Observations about Heating a HFGH

Nell Jean
11 years ago

My 10 x 12 HFGH is in a warm climate where we have rare nights when the temps plunge to the teens. Last night was predicted a low of 20 degrees.

My 'heat sink' is a series of four 50 gal. barrels connected with tubing. The water is circulated at intervals by a small pump. The effect is that on moderate days, the temperature stays more even.

When the sun goes down, heat is quickly lost from the GH when outdoor temperatures are near freezing or lower. Late yesterday afternoon, it was 44 outside and 64 inside as the sun went down. I adjusted the thermostat on the little electric heater to just come on at 64 or lower. We rigged a 250 watt infrared bulb on the opposite side, not pointing to any plants.

At 4 am, the temp outside was 24 and the GH was at 34.

When I checked the plants at noon today, the only obvious unhappy camper was one strobilanthes that was wilty, despite having moist soil. I have no overly tender expensive topicals to worry about, mostly rooted cuttings, and plants that would probably be killed to the ground but survive outside in the ground, like gingers.
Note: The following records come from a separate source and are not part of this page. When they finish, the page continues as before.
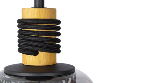 die Fassung ist in naturfarbenes Holz eingelassen, die mit schwarzem Textilkabel umwickelt ist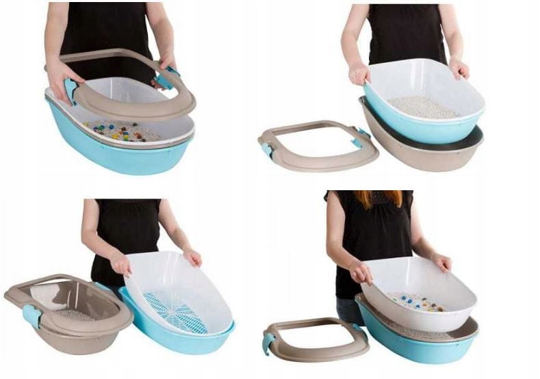 - Αυτοκαθαριζόμενος Μηχανισμός: Το κύριο χαρακτηριστικό της είναι ο διαιρούμενος σχεδιασμός που επιτρέπει τον εύκολο καθαρισμό χωρίς τη χρήση φτυαριού. Αποτελείται από δύο λεκάνες και ένα ειδικό κόσκινο. Ανασηκώνοντας το επάνω μέρος, η καθαρή άμμος κοσκινίζεται, ενώ τα ακάθαρτα μένουν στο κόσκινο για εύκολη απόρριψη.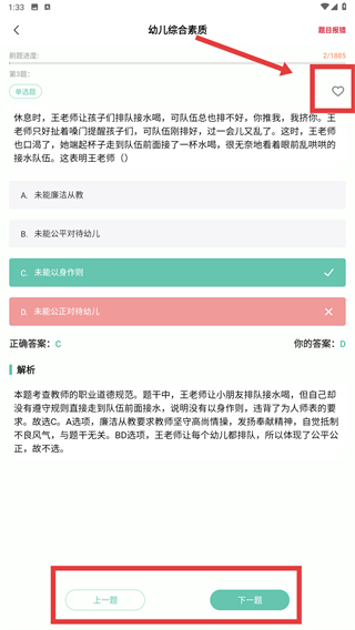 完成当前题目后,点击【下一题】按钮可以继续进行作答操作,点击【上一题】按钮则能够返回查看之前做过的题目。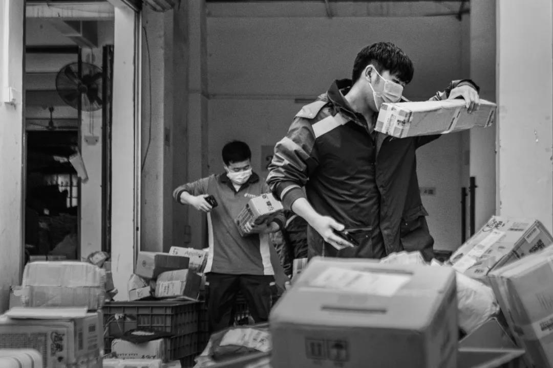 自疫情發(fā)生以來(lái),廣州郵政人從沒(méi)有停止過(guò)為人民群眾派送郵件報(bào)刊,一直踐行著“人民郵政為人民”的神圣使命。作品拍攝于2020年3月廣州市郵政分公司曉港西馬路投遞部作業(yè)現(xiàn)場(chǎng)。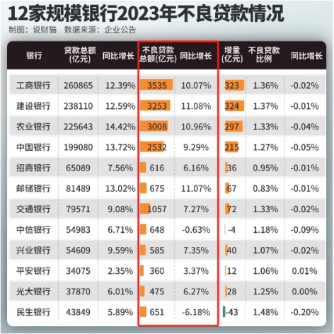 據“説財貓”統計,12家國內規模銀行中,去年不良貸款總額正增長的就有10家。
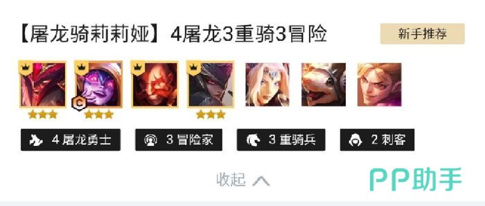 这里给大家推荐的阵容是屠龙骑士莉莉娅,组成的棋子有弗雷尔卓德之心·布隆、狂战士·奥拉夫、含羞蓓蕾·莉莉娅、皎月女神·戴安娜、北地之怒·瑟庄妮、老鼠图奇、刀锋之影·泰隆,最终组成的羁绊为四屠龙勇士(当己方队伍中没有龙神羁绊棋子时,会额外提升百分之五十的法伤,并且对方血量在两千两百点以上的棋子会削弱百分之二十的全额伤害)。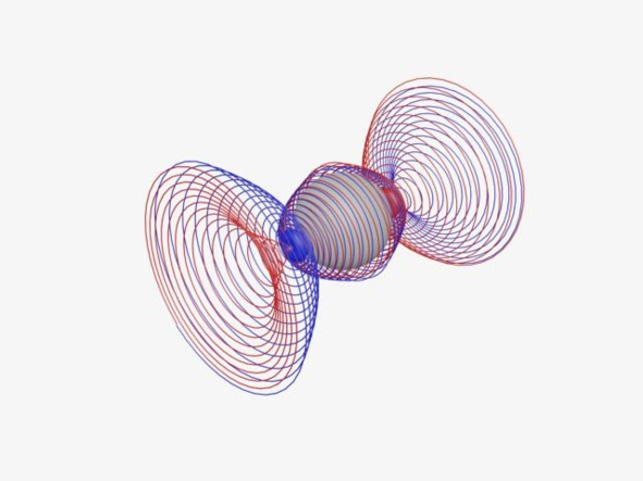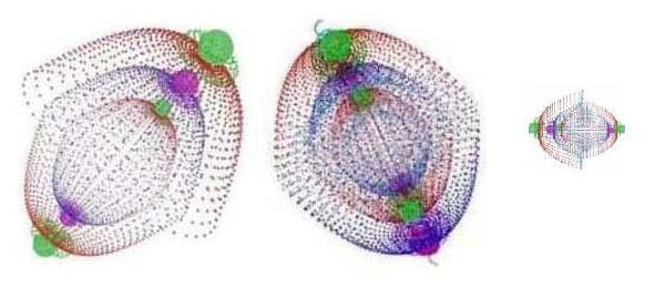 Итак нейтрон – это три вложенных друг в друга оболочки со структурой нейтральных мезонов – три ядерные оболочки (Фото 4), составленные из противоположных по знаку электрического заряда частиц со структурой типа мюонов – сложная центральная интеграция материи-контуров в состоянии покоя. Это основное свойство гравиэлектромагнитных диполей высоких резонансных частот.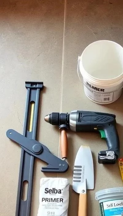 Для подготовки пола вам понадобятся: уровень, правило, шпатель, миксер для строительных смесей, ведро, кисть/валик, строительный пылесос. Материалы: грунтовка (расход 100-200 мл/м²), гидроизоляция (200-300 г/м²), клей для плитки (5-7 кг/м²).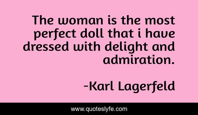 This page presents the quote "The woman is the most perfect doll that i have dressed with delight and admiration.". Author of this quote is Karl Lagerfeld. This quote is about fashion, doll, image, quotes, woman, design, clothing, perfect, style,.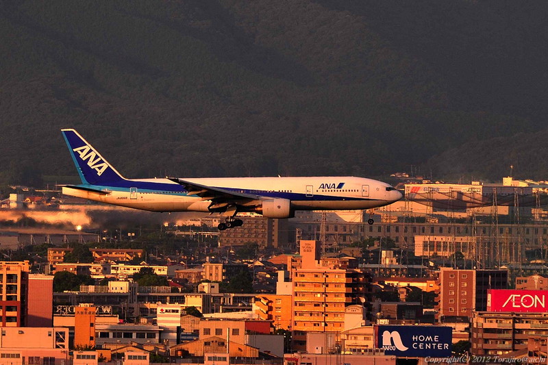 今度は南風に変わり、斜陽を浴びながら降りてくるANA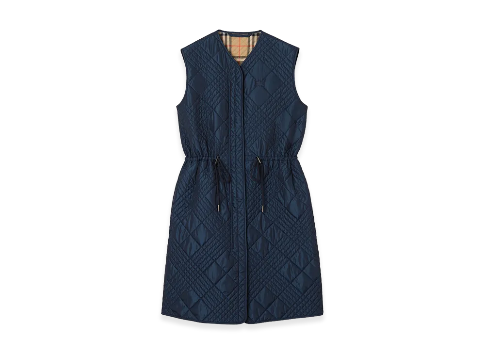 Burberry Women's Micro Check Stitch Nylon Blend Gilet "Silhouette Blue"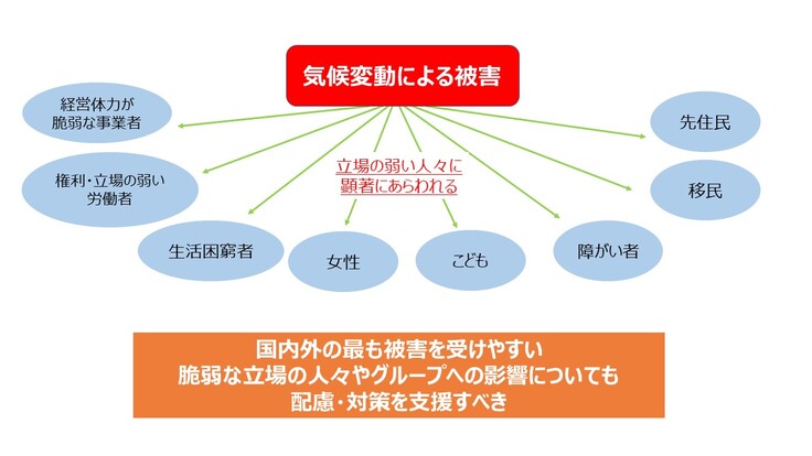 気候変動による悪影響を受けやすい脆弱な立場の人々・グループとは、貧困に苦しむ女性や子供、移民、先住民、生活困窮者、障がい者、個人の権利・立場の弱い労働者、経営体力が脆弱な事業者等が想定されます。コロナ禍において、失業・貧困が拡大し、気候変動による被害を受けやすい人々が増加していることが大いに懸念されます。

My point is to give some idea of the limits of 200 gallons of water, a 250 watt heat lamp and one little electric heater on a near 20 degree night for those who have asked about heat lamps, water and electric heaters. By mid-morning, in the sunshine, I had to vent the house a bit.

We have also tried a Coleman camping heater -- pricey for gasoline. We have a kerosene heater in case the power fails, but we've not used that yet.

I hope this answers some questions that are frequently raised here about the effiency of some methods. I suggest what Orchiddude (among others) recommends for heating in all but the warmest zones, and bottom heat for starting seeds midwinter.